PROBLEM DESCRIPTION
Pictures are to be dropped, and only the lines from the one containing "今日の給食 〇朝焼き食パン 〇サツマイモの豆乳ポタージュスープ" through the end of the data below are to be reproduced as written.

....

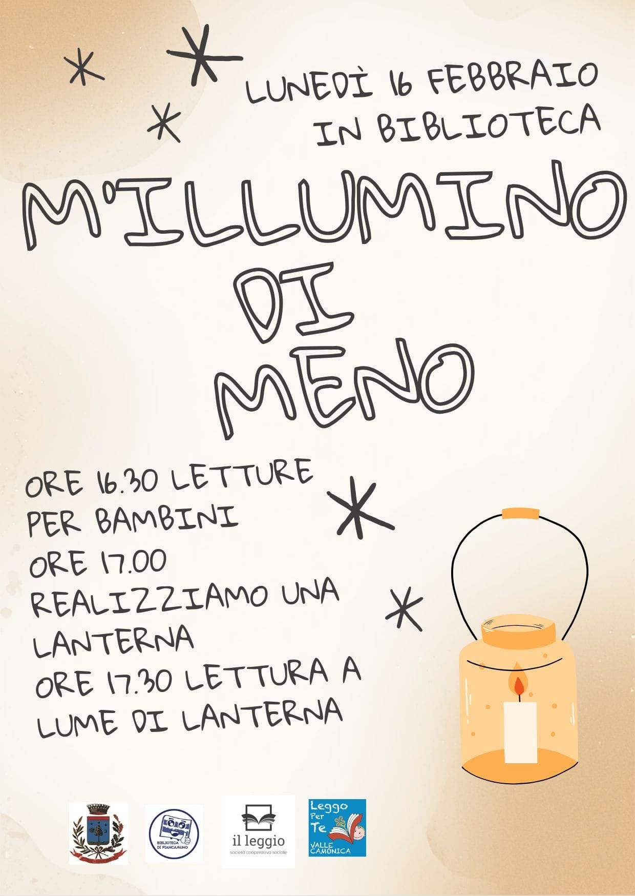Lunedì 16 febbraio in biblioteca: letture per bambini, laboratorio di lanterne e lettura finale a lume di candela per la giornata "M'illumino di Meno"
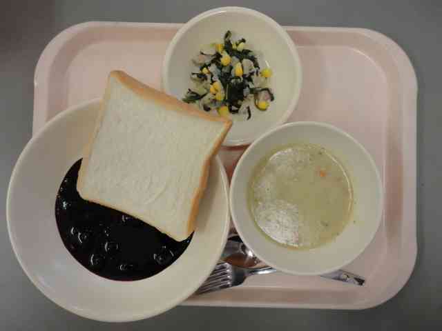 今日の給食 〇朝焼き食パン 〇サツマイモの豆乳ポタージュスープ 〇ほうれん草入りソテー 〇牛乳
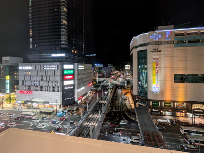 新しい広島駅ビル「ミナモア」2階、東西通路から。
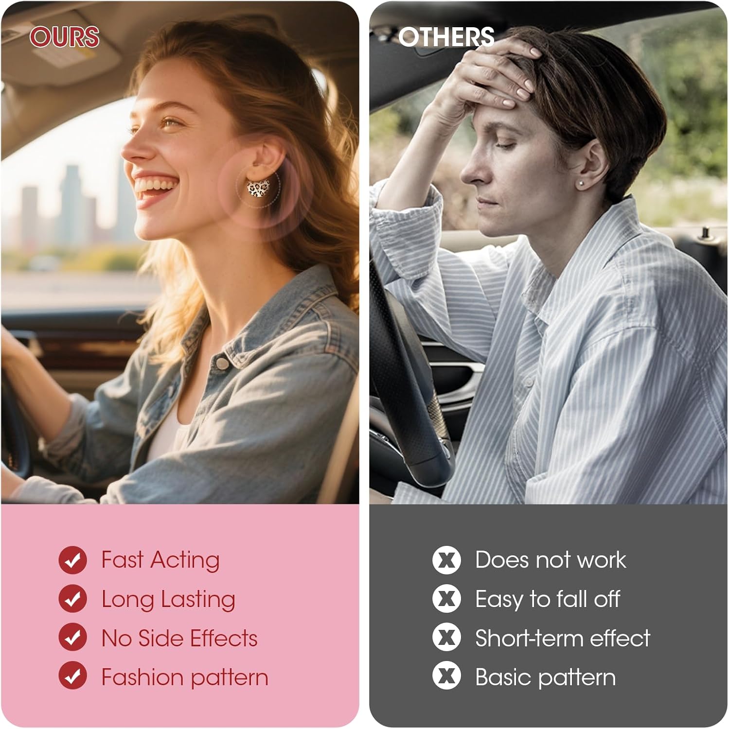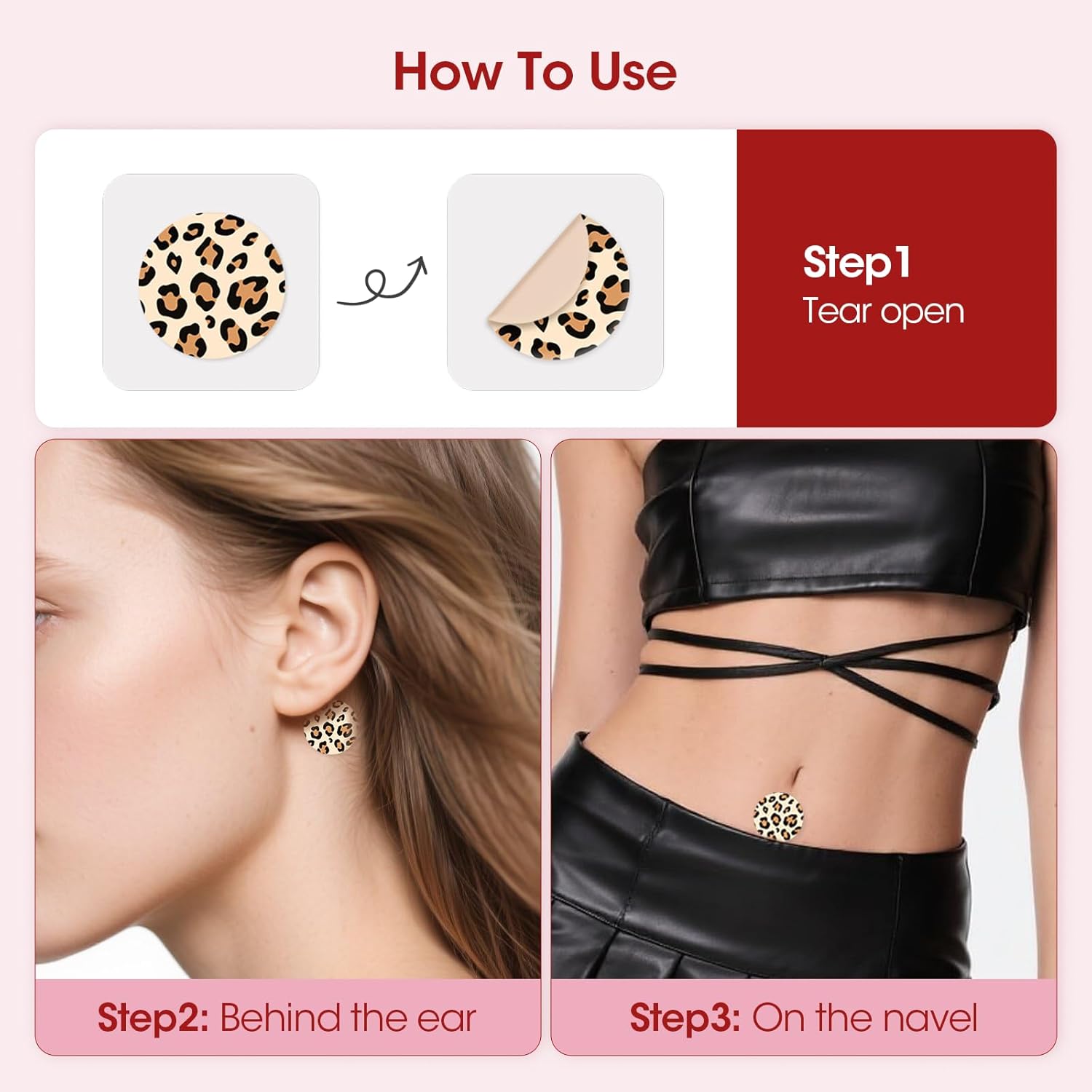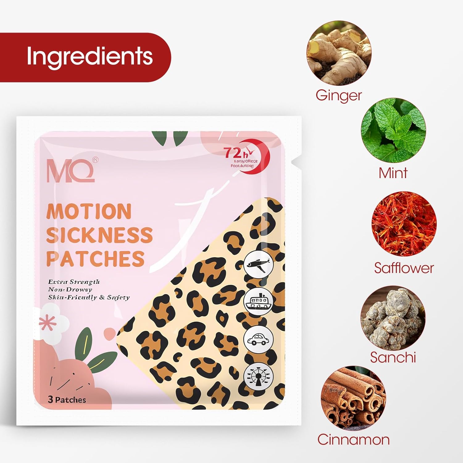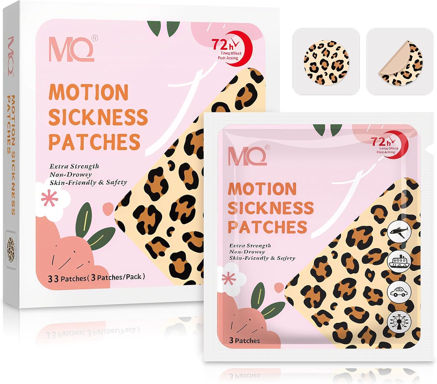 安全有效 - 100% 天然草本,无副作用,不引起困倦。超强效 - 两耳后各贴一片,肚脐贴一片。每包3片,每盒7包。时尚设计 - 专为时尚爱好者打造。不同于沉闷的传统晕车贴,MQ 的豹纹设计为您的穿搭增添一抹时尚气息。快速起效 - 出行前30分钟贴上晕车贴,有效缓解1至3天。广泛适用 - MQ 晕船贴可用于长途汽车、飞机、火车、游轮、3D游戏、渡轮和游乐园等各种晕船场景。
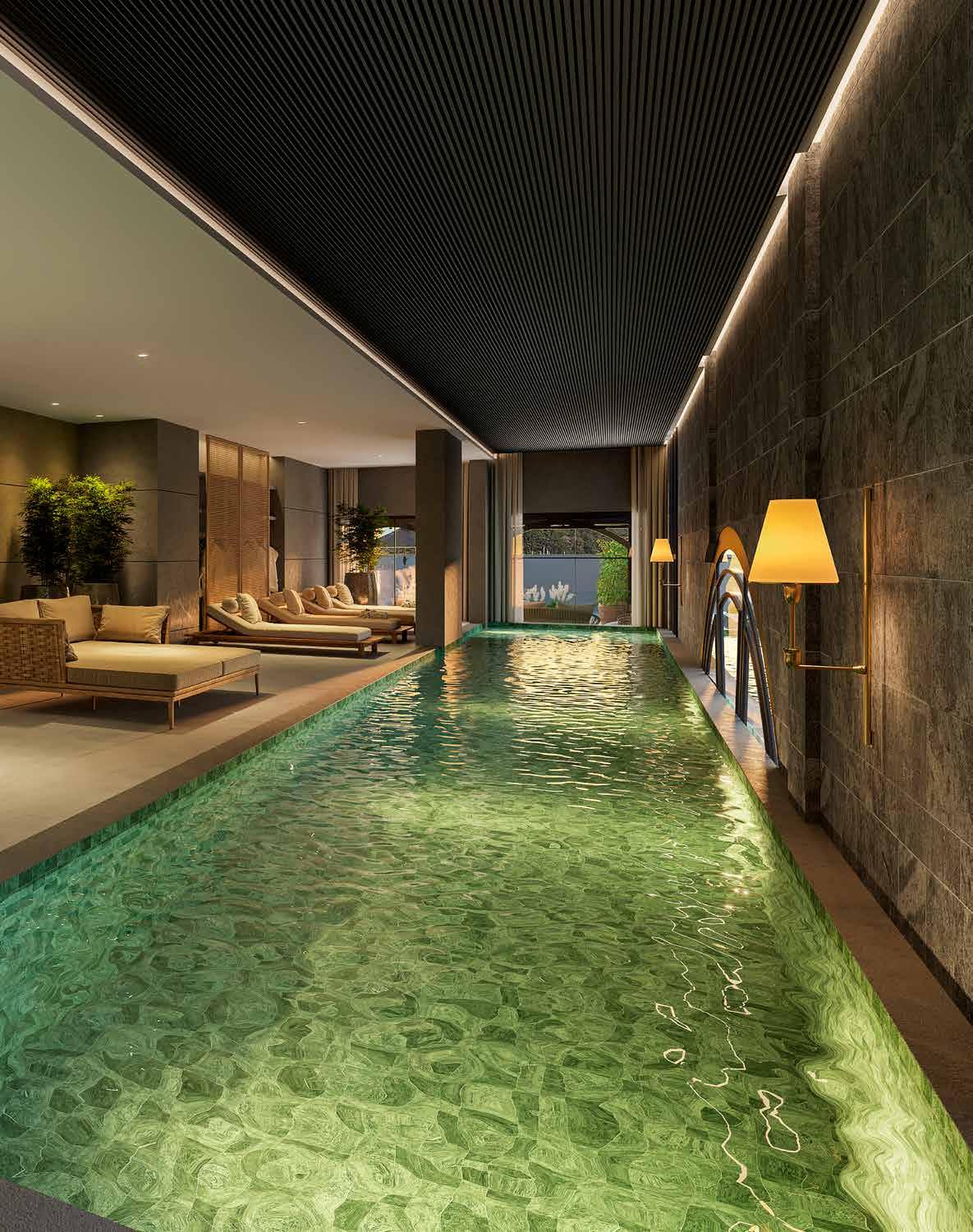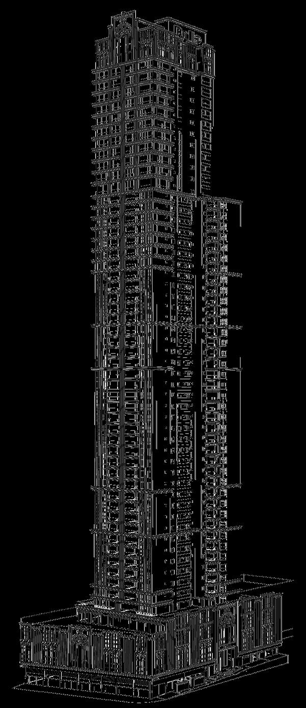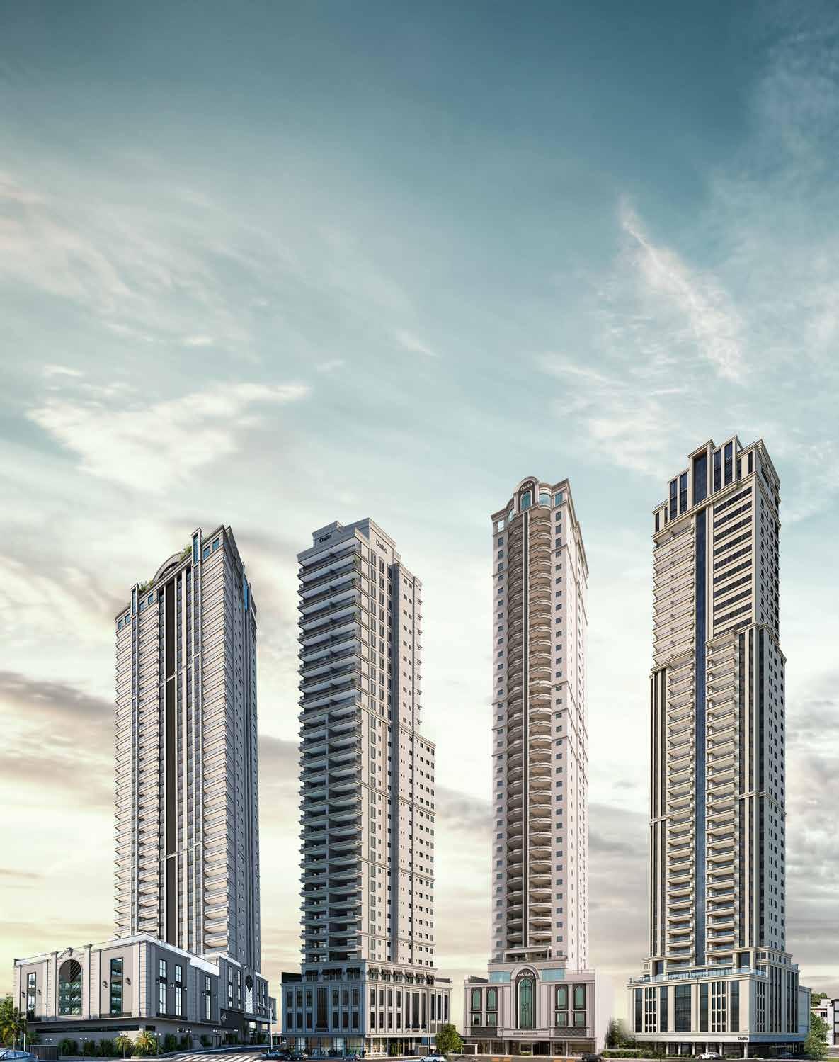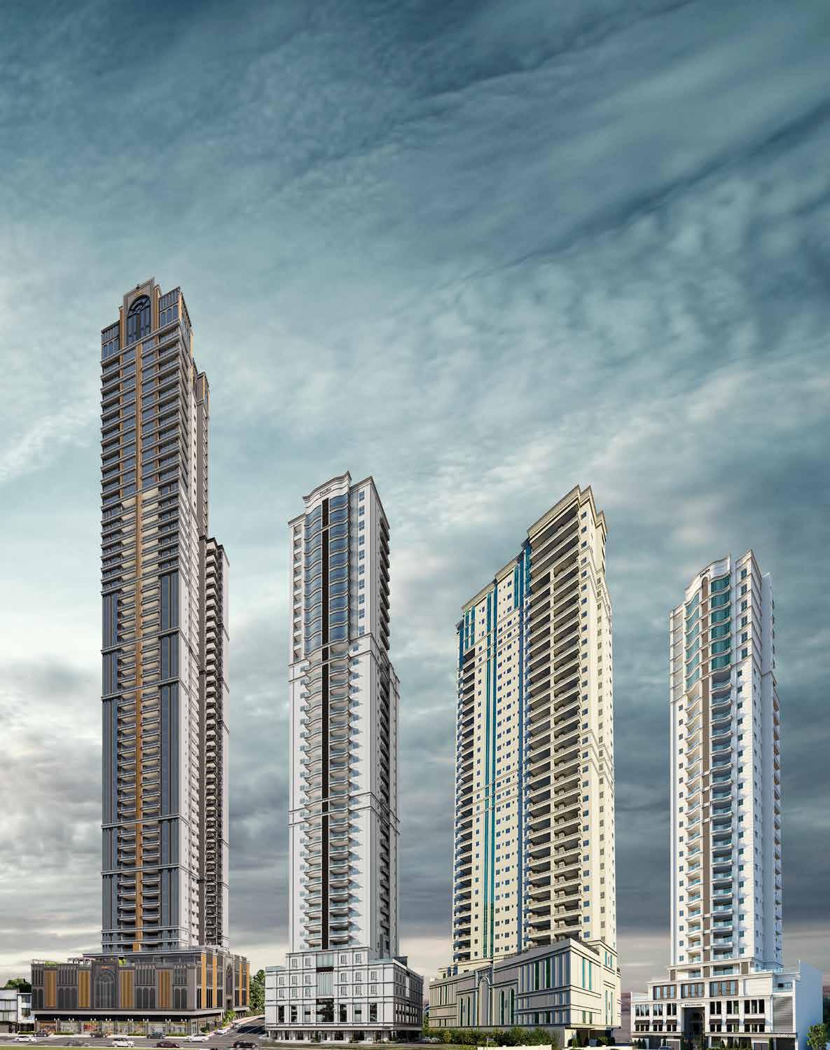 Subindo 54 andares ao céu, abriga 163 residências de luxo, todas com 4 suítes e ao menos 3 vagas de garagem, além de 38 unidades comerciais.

....

EXERCISE RESPONSE
 今日の給食 〇朝焼き食パン 〇サツマイモの豆乳ポタージュスープ 〇ほうれん草入りソテー 〇牛乳
 新しい広島駅ビル「ミナモア」2階、東西通路から。
 安全有效 - 100% 天然草本,无副作用,不引起困倦。超强效 - 两耳后各贴一片,肚脐贴一片。每包3片,每盒7包。时尚设计 - 专为时尚爱好者打造。不同于沉闷的传统晕车贴,MQ 的豹纹设计为您的穿搭增添一抹时尚气息。快速起效 - 出行前30分钟贴上晕车贴,有效缓解1至3天。广泛适用 - MQ 晕船贴可用于长途汽车、飞机、火车、游轮、3D游戏、渡轮和游乐园等各种晕船场景。
 Subindo 54 andares ao céu, abriga 163 residências de luxo, todas com 4 suítes e ao menos 3 vagas de garagem, além de 38 unidades comerciais.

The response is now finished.